First, I drew the course prerequisite tree; it looked similar to this image:
I defined a partial ordering of the courses based on their depth in the prerequisite tree. In the picture above, CHM124 and High School Chem w/ Lab are priority 1, CHM152 is priority 2, CHM 153 is priority 3, CHM260 and CHM 270 are priority 4, and so on... This partial ordering was stored in the CoursePriority table:
CoursePriority:
ID CourseID Priority
1 1 1
2 2 2
3 3 3
4 4 3
5 5 4
6 6 3
7 ...
So that no two courses would every be taken at the same time, I perturbed each course's priority by a small random number using the following Update query:
UPDATE CoursePriority SET CoursePriority.Priority = [Priority]+Rnd([ID])/1000;
(I used [ID] as input to the Rnd method to ensure each course was perturbed by a different random number.) I ended up with this:
ID CourseID Priority
1 1 1.000005623
2 2 2.000094955
3 3 3.000036401
4 4 3.000052486
5 5 4.000076711
6 6 3.00000535
7 ...
The approach above answers my first question "What is the best [sensible] way to represent a sequence of courses (i.e. prerequisites) in a relational DB?" Now as for generating the course schedule...

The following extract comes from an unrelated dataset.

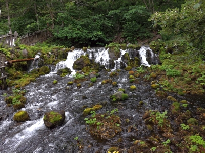 突然川が始まったような水流のすぐ下に水汲み場がたくさんあり、飲み放題汲み放題です。

First, I created a query qryLnkCoursesPriorities to link Courses to the CoursePriority table:
SELECT Courses.ID AS CourseID, Courses.DurationInDays, CoursePriority.Priority
FROM Courses INNER JOIN CoursePriority ON Courses.ID = CoursePriority.CourseID;
Result:
CourseID DurationInDays Priority
1 35 1.000076177
2 21 2.000148297
3 28 3.000094352
4 14 3.000081442
5...
Second, I created the qryWorkrolePriorityDelay query:
SELECT LnkWorkrolesToCourses.WorkroleID, qryLnkCoursePriorities.CourseID AS CourseID, qryLnkCoursePriorities.Priority, qryLnkCoursePriorities.DurationInDays, ([DurationInDays]+Nz(DSum("DurationInDays","qryLnkCoursePriorities","[Priority]>" & [Priority] & ""))) AS LeadTimeInDays
FROM LnkWorkrolesToCourses INNER JOIN qryLnkCoursePriorities ON LnkWorkrolesToCourses.CourseID = qryLnkCoursePriorities.CourseID
ORDER BY LnkWorkrolesToCourses.WorkroleID, qryLnkCoursePriorities.Priority;
Simply put: The qryWorkrolePriorityDelay query tells me how many days in advance each course should be taken to ensure the new hire can complete all subsequent courses prior to their required training completion deadline. It looks like this:
WorkroleID CourseID Priority DurationInDays LeadTimeInDays
1 7 1.000060646 7 147
1 1 1.000076177 35 140
1 2 2.000148297 21 105
1 4 3.000081442 14 84
1 6 3.000082824 14 70
1 3 3.000094352 28 56
1 5 4.000106905 28 28
2...
Finally, I was able to bring this all together to create the qryCourseSchedule query:
SELECT Personnel.ID AS PersonnelID, LnkWorkrolesToCourses.CourseID, [ProjectedHireDate]-[leadTimeInDays] AS ProjectedStartDate, [ProjectedHireDate]-[leadTimeInDays]+[Courses].[DurationInDays] AS ProjectedEndDate
FROM Personnel INNER JOIN (((LnkWorkrolesToCourses INNER JOIN (Courses INNER JOIN qryWorkrolePriorityDelay ON Courses.ID = qryWorkrolePriorityDelay.CourseID) ON (Courses.ID = LnkWorkrolesToCourses.CourseID) AND (LnkWorkrolesToCourses.WorkroleID = qryWorkrolePriorityDelay.WorkroleID)) INNER JOIN LnkPersonnelToWorkroles ON LnkWorkrolesToCourses.WorkroleID = LnkPersonnelToWorkroles.WorkroleID) INNER JOIN CoursePriority ON Courses.ID = CoursePriority.CourseID) ON Personnel.ID = LnkPersonnelToWorkroles.PersonnelID
ORDER BY Personnel.ID, [ProjectedHireDate]-[leadTimeInDays]+[Courses].[DurationInDays];
This query gives me the following output:
PersonnelID CourseID ProjectedStartDate ProjectedEndDate
1 7 5/7/2016 5/14/2016
1 1 5/14/2016 6/18/2016
1 2 6/18/2016 7/9/2016
1 4 7/9/2016 7/23/2016
1 6 7/23/2016 8/6/2016
1 3 8/6/2016 9/3/2016
1 5 9/3/2016 10/1/2016
2...
With this output, I created a pivot table, where course start dates were grouped by quarter and counted. This gave me exactly what I needed.